La rayure des fusils : l’histoire d’un Paradox

On distingue d’ordinaire, d’un côté les armes de chasse dites lisses, les fusils plutôt pour le petit gibier, et d’autre part les armes rayées, les carabines, pour le grand gibier. Histoire de ne pas faire simple, il y a pourtant des fusils aux canons rayés.
La rayure des fusils née vers 1880. George FOSBERY développe un concept novateur et paradoxal : un système de rayures dans les derniers centimètres des canons de fusils permettant le tir de balles cylindro-ogivales pour le grand gibier, et de la grenaille pour le petit gibier. HOLLAND & HOLLAND l’adopte. Le Paradox repose sur la rayure des 5 à 6 derniers centimètres des canons. Le retreint est d’environ 1/25ème de pouce, soit en gros 1 mm. Les rayures possèdent un pas très lent.

LE PARADOX, DES RAYURES SUR LES DERNIERS CENTIMÈTRES DU CANON
La grenaille fait de belles gerbes jusqu’à 30/35 m, et les balles portent avec puissance et précision jusqu’à 100 ou 150 m. Le système sera disponible du calibre 8 au calibre 28. Le calibre 12 sera le plus courant. HOLLAND & HOLLAND produira 1479 Paradox, de 1886 à 1933. À l’expiration du brevet en 1899, Westley RICHARDS développe un système proche appelé Explora pour les gros calibres, et Fauneta pour le calibre 28. MANUFRANCE adopte le Paradox pour ses Idéal en 1904. Ces fusils, en 10, 12 et 16, portent le nom d’Idéal Colonial.

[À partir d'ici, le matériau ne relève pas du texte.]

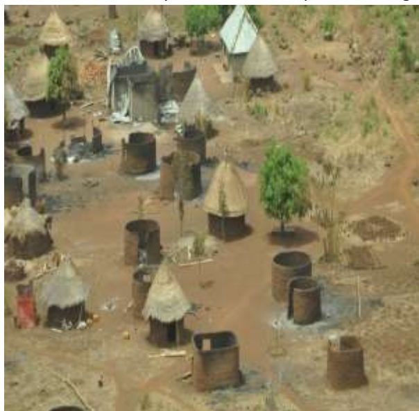
Fig 2: Tse Kumbur-Tongov ward vacated

The results clear the doubt that many people especially the crop farmers have fled from their homes and communities for their safety as a result of the security threat of the areas. The study gathered that many people from the affected communities are currently taking refuge in the IDP camps as can be seen in Figure 2 and 3. The displacement of crop farmers from their original homes, denial of access to their farms due to insecurity have social and economic implications on both the victims and the entire society because food production is vital to the livelihood of every one. Besides, the farming population of many communities in the study area has been depleted leading to wide spread hunger and poverty among the farmers.

Ils connaissent le succès dans nos colonies, sur tous gibiers.

LE CANON RAYÉ SUPRA : L’ÂGE D’OR DU LAPIN ET DE LA MANU
En 1924, apparaît le canon Supra, rayé sur sa toute sa longueur. Le Supra est conçu pour accroître la dispersion des grenailles de façon régulière et sans trou, pour la chasse du petit gibier, particulièrement le lapin qui est roi à cette époque, mais aussi le lièvre et la plume au bois. En calibre 12, le pas est de 1560 mm à droite, l’âme fait 18,4 mm pour 18,05 mm à plat de rayure, qui sont au nombre de 6. Lors de sa sortie, il se distingue par sa précision, jusqu’à 60 à 100 mètres avec des balles rondes ou cylindro-ogivales. On retrouve le canon Supra à droite, et un full ou demi à gauche. Il existe des fusils avec deux Supra, express du « pauvre », efficaces sur le petit gibier, souvent critiqués par ceux qui ne les ont pas utilisés. Employés dans les règles, ils ne blessent ni plus ni moins le gibier, que les autres systèmes.

LES RAYURES RAPIDES, LE FUSIL DEVIENT CARABINE
Le chasseur américain chasse peu, par périodes courtes et strictes, parfois avec des règlements bizarres. Certains états, voir comtés, imposent l’emploi du fusil et des balles. Pour un tir à l’horizontale, les balles de fusils touchent terre plus rapidement que celles des carabines, et portent moins loin. Afin d’améliorer l’efficacité, les fabricants ont sorti des balles plus légères, ensabotées, et nécessitant une stabilisation pour voler droit. La rayure règle le problème. VERNEY-CARRON a fourni des milliers de canons rayés pour fusils aux USA, sous la marque HASTING. Les pas de rayures varient de 711 à 889 mm pour les calibres 12. Ces rayures sont destinées au tir de balles sous-calibrées, mais donnent souvent de bons résultats avec des balles classiques. Avec de la grenaille, les gerbes sont exécrables et sans aucune densité.

RAYURE DROITE, UN CONCEPT SANS SUCCÈS DÉTOURNÉ À DES FINS DE LÉGISLATION
Le concept de la rayure droite est ancien, une idée fumeuse pour améliorer la précision des mousquets. Il y a quelques décennies, l’idée resurgit aux USA pour tenter d’améliorer la tenue des bourres à jupes, et les empêcher de tourner dans le canon. VERNEY-CARRON produira des tubes pour HASTING, Outre-Atlantique. En France, pour les fusils à pompe, VERNEY-CARRON propose des rayures droites qui ont l’avantage de la légalité, et la possibilité d’utiliser sans problème son fusil pour la plume.

Il est difficile de traiter un sujet aussi technique en quelques lignes, mais j’espère vous avoir un peu éclairé sur les différents types de rayures pour fusils. Et pour conclure, rappelons que les cannelures hélicoïdales des balles BRENNEKE n’ont jamais été conçues pour faire tourner la balle, mais pour permettre son passage dans les chokes.